- Available data -
○ ○ ○ ○ ○ ○ ○

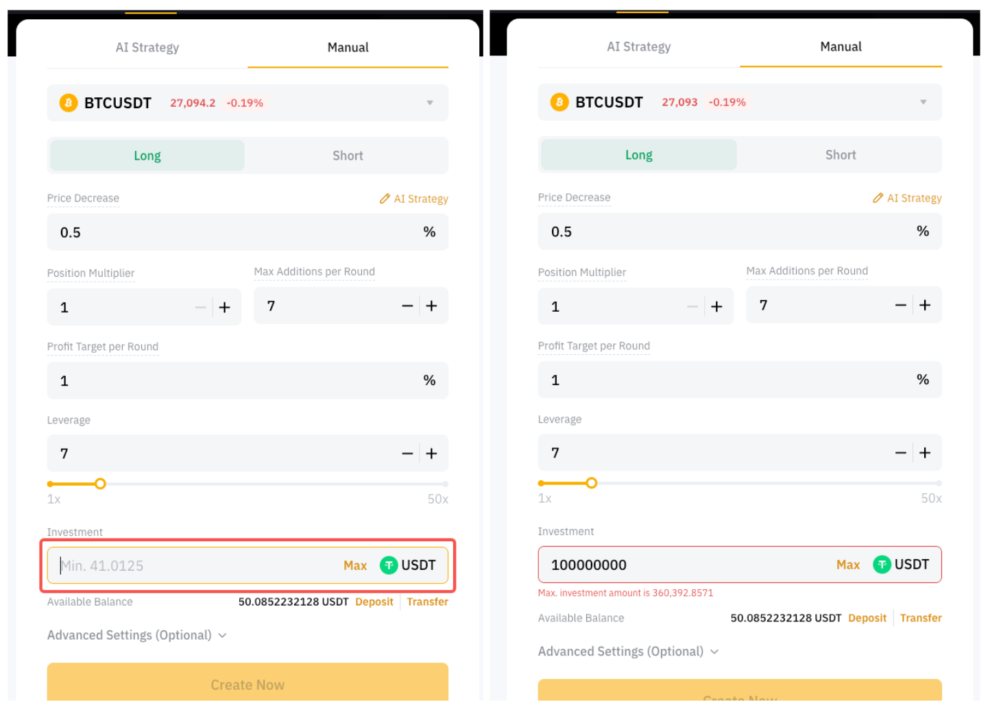 - Anda tidak memiliki aset USDT yang cukup pada Akun Pendanaan untuk memenuhi jumlah investasi minimum strategi Bot Martingale Futures Anda
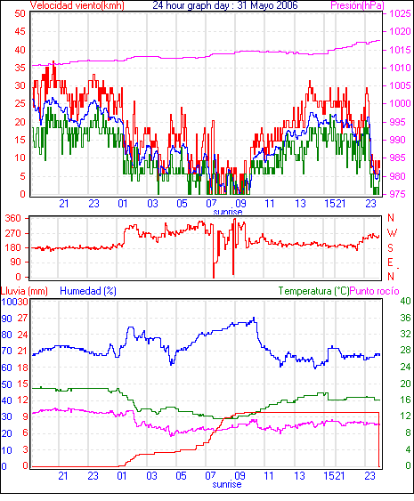 Veloc.màx ràfega.............. 31.5 kmh de 241° ..dia 31,hora 23:11
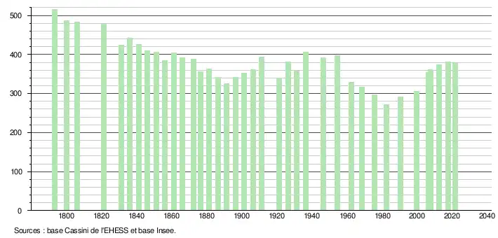 L'évolution du nombre d'habitants est connue à travers les recensements de la population effectués dans la commune depuis 1793. Pour les communes de moins de 10 000 habitants, une enquête de recensement portant sur toute la population est réalisée tous les cinq ans, les populations légales des années intermédiaires étant quant à elles estimées par interpolation ou extrapolation[21]. Pour la commune, le premier recensement exhaustif entrant dans le cadre du nouveau dispositif a été réalisé en 2007[22].

○ ○ ○ ○ ○ ○ ○

- What is needed -
Repeat exactly and only the lines from the start of the data above through the line that holds "Veloc.màx ràfega.............. 31.5", inclusive. Pictures do not belong in the copy.

- Expected output -
 - Anda tidak memiliki aset USDT yang cukup pada Akun Pendanaan untuk memenuhi jumlah investasi minimum strategi Bot Martingale Futures Anda
 Veloc.màx ràfega.............. 31.5 kmh de 241° ..dia 31,hora 23:11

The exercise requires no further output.